Péter Magyar gaf een interview aan hvg, en hoewel hij het ook over politiek had, vertelde hij in de tweede helft van het interview een tijdschriftachtig verhaal over zijn privéleven…
Voor dit alles zei hij natuurlijk dat hij een moeilijk anderhalf jaar verwacht tot de verkiezingen van 2026, dat naar zijn mening “de Hongaarse samenleving het slechtst uit de Menczer-aanval is gekomen”, en dat Orbán “zo, net als de oude Kádár, niet ziet wat er in Hongarije gebeurt omdat zijn omgeving hem tegenhoudt van de realiteit”, en dat ze ‘met Márton Nagy aan het roer zich uiteindelijk net zo gedragen als de socialisten en de SZDSZ-partij en hun eigen kiezers voor de gek houden’.

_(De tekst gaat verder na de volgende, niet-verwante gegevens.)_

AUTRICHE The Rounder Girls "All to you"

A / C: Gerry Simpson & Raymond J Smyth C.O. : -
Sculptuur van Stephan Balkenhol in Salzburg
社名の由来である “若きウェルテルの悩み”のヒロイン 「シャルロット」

Gevraagd naar zijn houding tegenover geld, antwoordde Magyar:
“Ik ben opgegroeid in een gezin uit de middenklasse. Ik ben nooit op een jacht of in een helikopter geweest. Ik was zo geïnteresseerd in geld dat ik voor mijn gezin kon zorgen. We kochten het huis in Buda met een grote lening en bouwden het vakantiehuis aan het Balatonmeer, en toen we scheidden werd dat laatste Judité, dat was ons fortuin.”

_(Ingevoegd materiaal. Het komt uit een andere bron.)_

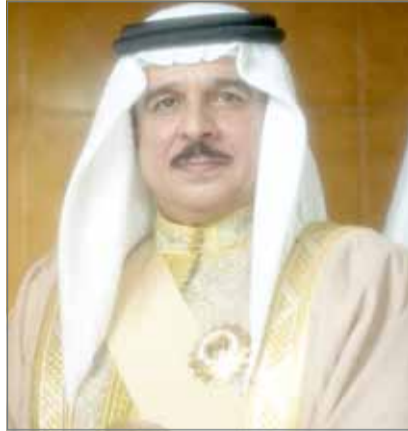
• جلالة الملك

مصر العربية تجاه مملكة البحرين وقضايا الأمة العربية، منوها بجلالته إلى أن مصر الشقيقة تمثل عمقا استراتيجيا للأمة العربية. وأعرب جلالتة عن إعجابها بما تشهده جمهورية مصر العربية من تقدم وتطور بفضل قيادة الرئيس السيسي الحكيمة، ومرعبا بجلالته عن أصدق تمنياته لمصر قيادة وشعبا بمزيد من التقدم والازدهار ومواصلة دورها الاستراتيجي والريادي في المنطقة نصرًا لقضايا أمتينا العربية والإسلامية.
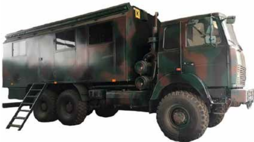
Рис. 1. Пересувна автомобільна ремонтна майстерня ПАРМ-2.01

3. Трифазна мережа з ізолюваною 380±10% В; глухо заземленою нейтраллю напругою
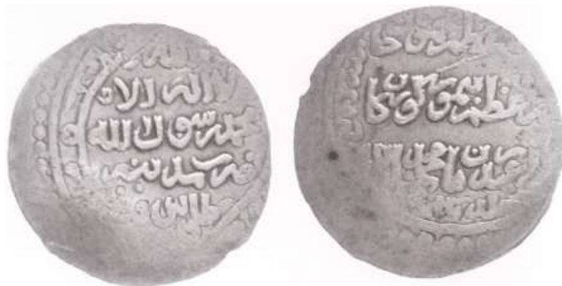
(علاءالدینی، سکه‌های ایران دوره گورکانیان، ۲۴)

سکه شماره ۲: این سکه ۶/۱۴ گرم وزن و ۲۸/۴ میلی متر قطر دارد. نوشته‌های پشت سکه به خط کوفی تزئینی درون یک دایره قرار دارند: «لا اله الا الله محمد رسول الله ضرب مدینه طاسوس». حاشیه سکه به دلیل آسیب دیدگی قابل خواندن نیست. در روی سکه نیز نوشته‌ها درون یک دایره قرار گرفته‌اند و به ترتیب از بالا به پایین عبارت‌اند از: «سلطان اعظم محمودخان امیر اعظم تیمورگورکان ولی عهد زمان محمد سلطان خلد ملکهم». حاشیه روی سکه آسیب دیدگی دارد و فقط عبارت «سنة اربع» را می‌توان خواند.
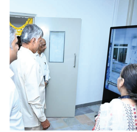
విజయవాడ, మే 1, (భారత శక్తి) : కృష్ణా జిల్లా ప్రజలకు అత్యాధునిక కంటి వైద్య సేవలను అందుబాటులోకి తెచ్చేందుకు గుడ్లవల్లేరులో

సామాన్యులకు ఆర్థిక భారమే అన్నారు. ఐదు రాష్ట్రాలలో అసెంబ్లీ ఎన్నికలు పూర్తయ్యాక పెట్రోల్, డీజిల్, గ్యాస్ ధరలు పెంచడమంటే ప్రజలను మోసం చేయడమేనని మండిపడ్డారు. కేంద్ర ప్రభుత్వం తక్షణమే స్టాంపించి ధరల పెంపు నిర్ణయాన్ని ఉపసంహరించుకోవాలని డిమాండ్ చేశారు. కాగా, వాణిజ్య గ్యాస్ సిలిండర్ ధరలు ఈరోజు భారీగా పెరిగిన విషయం తెలిసింది.

Maar ze deelde ook meer privédetails, zoals dat het niet waar was wat Menczer zei over dat ze “verstoten” zou zijn door haar zoon.
“We voeden de kinderen op als man en vrouw met Judith. Ik praat niet over politiek met mijn oudste zoon en ik zie hem minder vaak, hij gaat voor een paar maanden naar het buitenland. Het is niet makkelijk voor ze, want ze waren blij dat hun moeder eindelijk uit de politiek stapte en nu bemoeit hun vader zich ermee. Het is ook moeilijk voor hen om de verandering in mij te begrijpen.
Ik denk aan de films van Márta Mészáros, en misschien schrijf ik wel een dagboek voor hen, waarin ik vertel dat ik doe wat ik voor hen doe, zodat ze in een normaal land kunnen leven. Of mijn leven zelf wordt een dagboek voor hen. Hoe dan ook, ik heb een eerlijke relatie met Judith en ik hoop dat we over twintig jaar bij elkaar kunnen zitten en onze kleinkinderen kunnen zien voetballen.”
Op de vraag of de familietraditie hem tot advocaat had gemaakt, zei Péter Magyar dat het “een vanzelfsprekendheid” was.
Hij zei ook dat hij een deel van zijn fortuin te danken heeft aan “geluk”:
“Mijn opa en ik gingen eens samen naar het huis van een oude vriendin, ik moet 8 of 10 jaar zijn geweest, en ik bewonderde de prachtige lelietjes-van-dalen in de tuin – ik zou tuinman worden – en het brood met jam dat ik kreeg.
Toen ik 18 was, ontdekte ik dat de dame me de volgende dag had opgegeven voor een flatje in Gellért Hill. Ik verkocht het en verhuisde naar de Károlyi-tuin, naast de universiteit. Dat waren de beste jaren van mijn leven, met grote feesten, soms bijgewoond door Máté Kocsis en Gergely Gulyás.”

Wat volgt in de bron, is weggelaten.